Biomarqueurs d’exposition : intérêts et limites

En cas d’alcoolisation fœtale, les biomarqueurs existants (Tableau I) visent à rechercher une exposition à l’alcool et à répondre aux questions suivantes : la mère a-t-elle consommé de l’alcool durant la grossesse, ou, l’enfant a-t-il été exposé in utero à l’alcool ? Ainsi, le dépistage d’une consommation d’alcool se fera chez la femme, au mieux lors de la consultation préconceptionnelle par l’équipe de santé (médecin généraliste, sage-femme, etc.), grâce à l’utilisation de questionnaires ou au dosage chez la femme et/ou l’enfant des métabolites de l’éthanol ou de molécules dérégulées par la consommation d’alcool (Tableau I) [8, 9]. Néanmoins, tous les enfants exposés in utero à l’alcool ne développeront pas nécessairement des troubles alors qu’une exposition même modérée ou ponctuelle peut entraîner une déviation de la trajectoire neurodéveloppementale normale de l’enfant.

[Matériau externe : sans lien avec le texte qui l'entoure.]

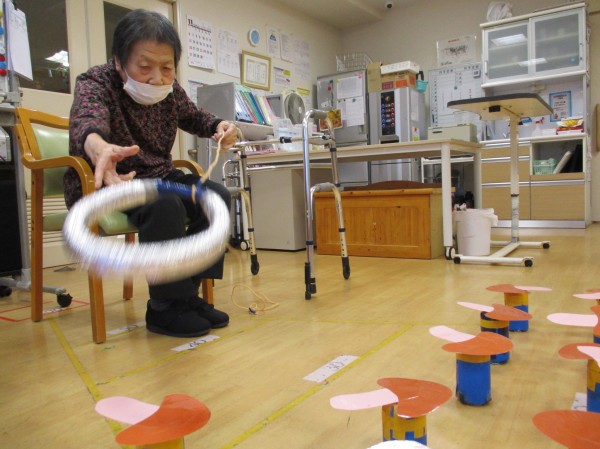 紐の付いた輪っかできのこを狙い撃ち!時間内に自分の手元に引き寄せた分が得点となります。皆様、何度も輪っかを投げては引き寄せます。

On aborde ainsi toute la complexité de la toxicité de l’alcool pour laquelle il n’existe pas de dose seuil établie et dont les effets vont s’exprimer différemment en fonction du stade de développement du fœtus, du degré de maturation cérébrale et des polymorphismes génétiques. Cette notion de fenêtre de vulnérabilité [10, 11] va d’ailleurs au-delà de la période fœtale avec des modifications épigénétiques pouvant impacter à long terme l’activité cérébrale et le comportement de l’individu [12, 13]. Ainsi, bien que nécessaires, les biomarqueurs d’exposition ne permettent pas d’établir un diagnostic à court terme chez la plupart des enfants TCAF.

Tableau I

Liste de biomarqueurs indicateurs d’une exposition à l’alcool et relevant soit du métabolisme de l’alcool (marqueurs directs) soit des conséquences de la toxicité de l’alcool sur l’organisme (marqueurs indirects).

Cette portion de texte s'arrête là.